26 April, 2008

Running on Empty

I'm feeling less and less encouraged. I hate that I go in and out of these states of understanding and contentment and into states of unrest and discouragement. It's frustrating. Every time I think about where I want to be, I get more and more frustrated because I'm at a complete loss. Though I don't mind waiting and figuring it out, it'd be nice to start heading in any particular direction because I'm sure as hell not content just being here.

I've started sending out my resume again. Though I've become incredibly picky as to where I apply because I don't want to get stuck in the same situation I was in last summer, nor do I want to find another place to settle at like I am right now. This whole year has just been difficult and I feel myself growing stronger in character and spirit which I feel is a good thing. I just wish I had a constructive way of pushing forward that didn't involve such great risks. Though I suppose the greater the risk, the greater the reward.

I feel like I took a few big risks though and none have panned out. Between the Portland risk and all that came from that and my risk in opening up to Tom and being completely pushed away, has just kind of discouraged me from pushing forward and yet, at the same time, I feel even more like putting myself out there. I'm just torn.

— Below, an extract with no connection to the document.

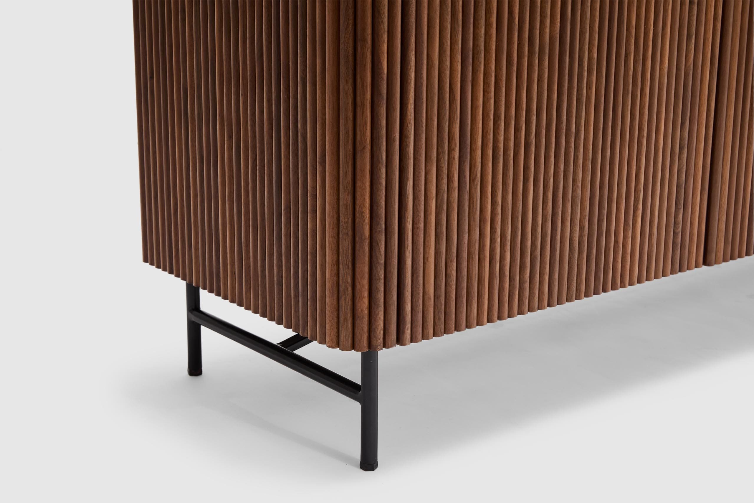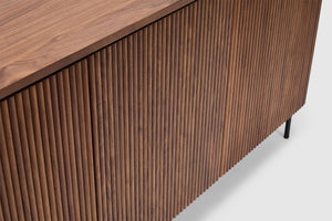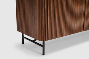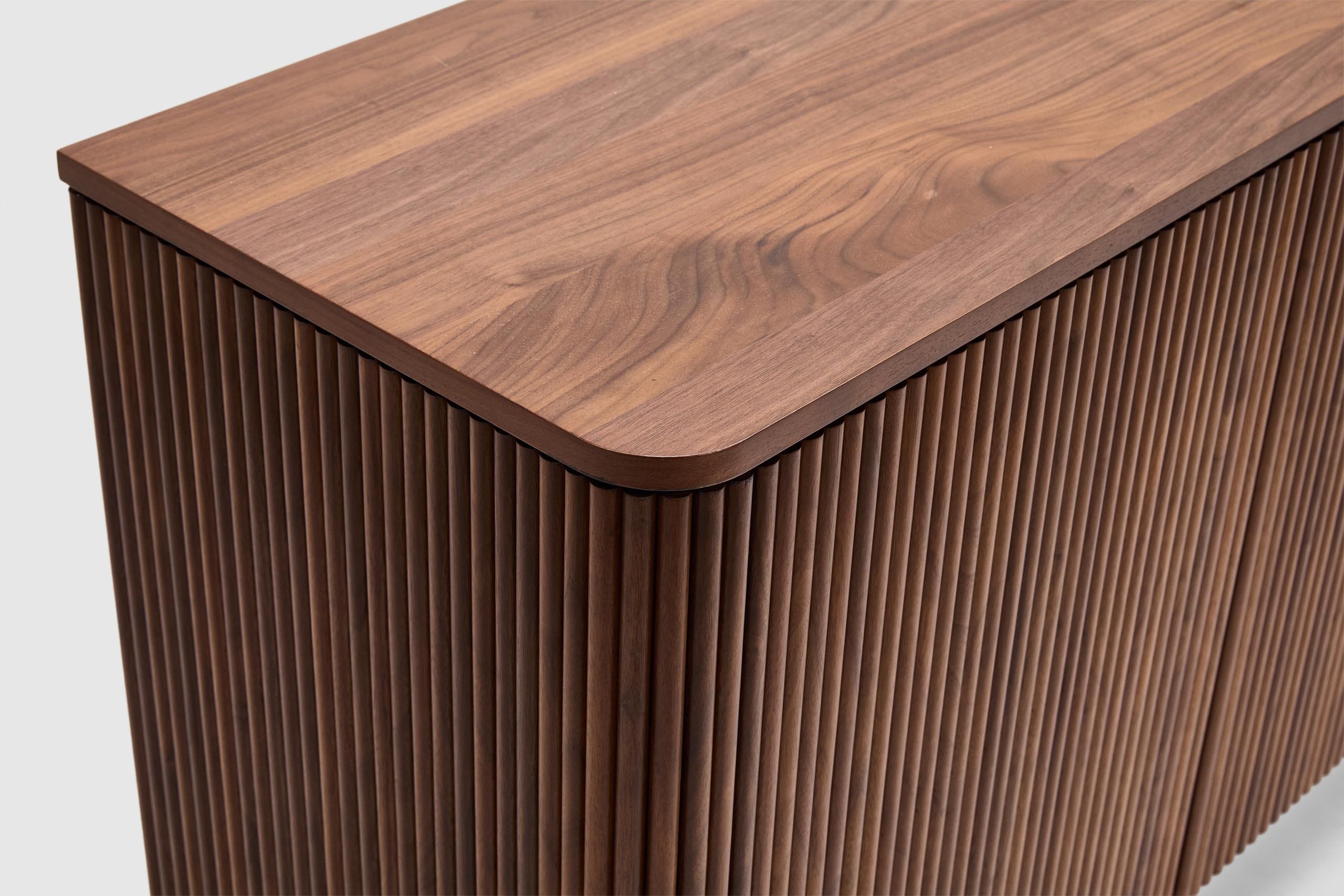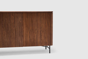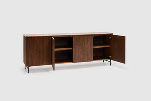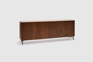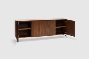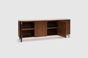 Elevate your home with the rich warmth and refined craftsmanship of the Soren American Walnut collection. Designed to blend seamlessly into contemporary and classic interiors alike, each piece showcases the stunning natural grain of premium American walnut, offering both style and durability. Clean lines and a minimalist aesthetic for effortless elegance are displayed throughout the range, while its functional beauty is thoughtfully designed for modern living, with ample storage and practicality through four doors with internal shelving.

I keep having these weird dreams where I'm taking out my frustration and anger with everything. After spending the last two weekends down at Knox I've come to the conclusion that I'm no longer there. And as much as I make the claim that everything about Knox has changed, it hasn't. I'm the one who's changed, not Knox. I've moved on from the college ideal and that's kind of hard to come to terms with because I do miss it. I miss my college experience and I want to continue to have that fun and growing experience because right now I feel like I'm at this great standstill when it comes to growth. However, as much of a standstill I feel I'm at, I've made great strides as to figuring out who I am and what I want, though knowing full well what it is you want, doesn't necessarily mean you'll be able to have it or know how to get it.

It's a blur. It's a blur of trying to figure it all out and trying to let it all figure itself out. It's weird because I feel deep down that no matter what, whatever does happen, it's for a reason. There is always a method behind the madness whether you believe there's one or not, it is there, it just may take some time before the reason makes itself clear.

I'm not sure where to go or what to do. I'm going to continue to sending out my resume and applying to grad schools. This is just a sucky waiting game of figuring shit out.